In the first part of the workshop, the focus lied on connecting with oneself and one’s body, to try out what feels good for oneself and to leave every image of how one should move, or should be, aside. Before participants were coming into physical contact with each other, it was practiced how to communicate a ‘no’ when someone does not feel like dancing together or moving at all. Since in society a ‘no’ often does not count or has to be explained or excused, it sometimes is difficult to go through with one’s refusal. This exercise of refusal/consent therefore represented a valuable complementation to the workshop experience for the whole group.
In the second part of the workshop, inspired by “Parcon”, participants moved outside of the dance room and into public space. It was aimed at exploring how being surrounded by other people shapes one’s movement and comfort, how one can connect to the environment in alternative, non-normative ways. It was reflected upon how certain movements have become habits even though they might not feel comfortable or have not been consciously chosen by oneself. It was strived to find movements and locations in space that speak to oneself and to detect what feels good or not, where and why.

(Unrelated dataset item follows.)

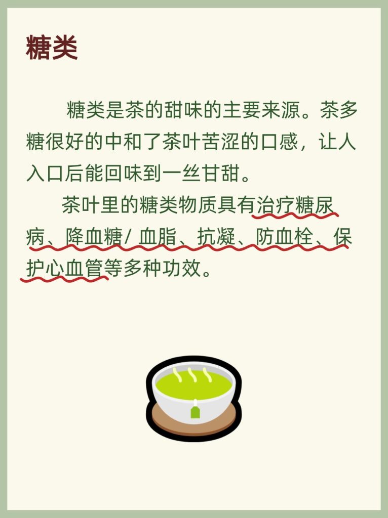 Sugar: the main source of the sweetness of tea, which has many effects such as treating diabetes, lowering blood sugar and blood fat, anticoagulation, anti-thrombosis, and protecting the cardiovascular system.
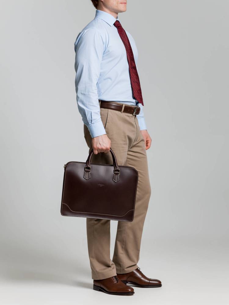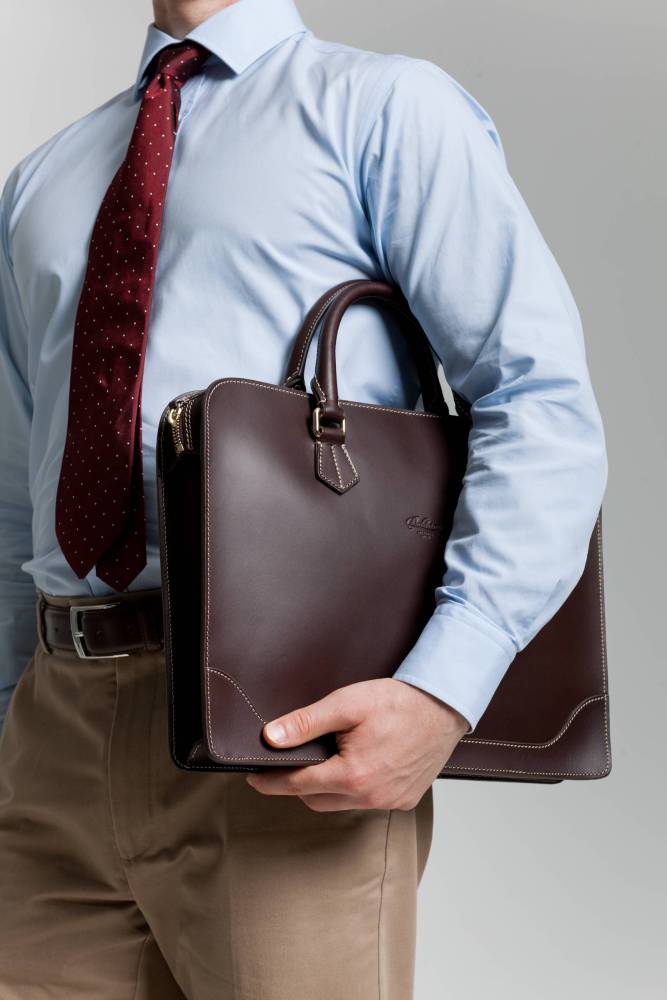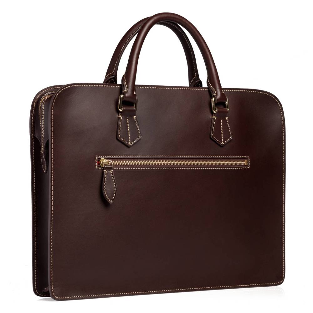 Компактная мужская сумка Boldrini Selleria на молнии. Выполнена из гладкой натуральной кожи тёмно-коричневого цвета с контрастной строчкой. Внутри одно отделение с холдерами для телефона и визиток, а также карман на молнии для ценных вещей. Подкладка из плотного бежевого текстиля. С внешней стороны секция на молнии для документов. Модель украшена тиснением в виде логотипа бренда.

What accompanied many of the participants during the workshop was the question of how efficient the socio-political shifts are that dance can bring about. To move ‘freely’ and to reflect on behavior in social spaces is a possibility that not everyone gets. The dance workshop was an attempt to open this space for everyone but in reality did not manage to do so. This was reflected in the group of participants who were all defined by certain physical functionalities, class, gender and race notions. Nevertheless, “Contact Improvisation” and “Parcon” carry high potential for widening norms of movement, creating emancipatory spaces and opening up an understanding about oneself in relation to the outside world.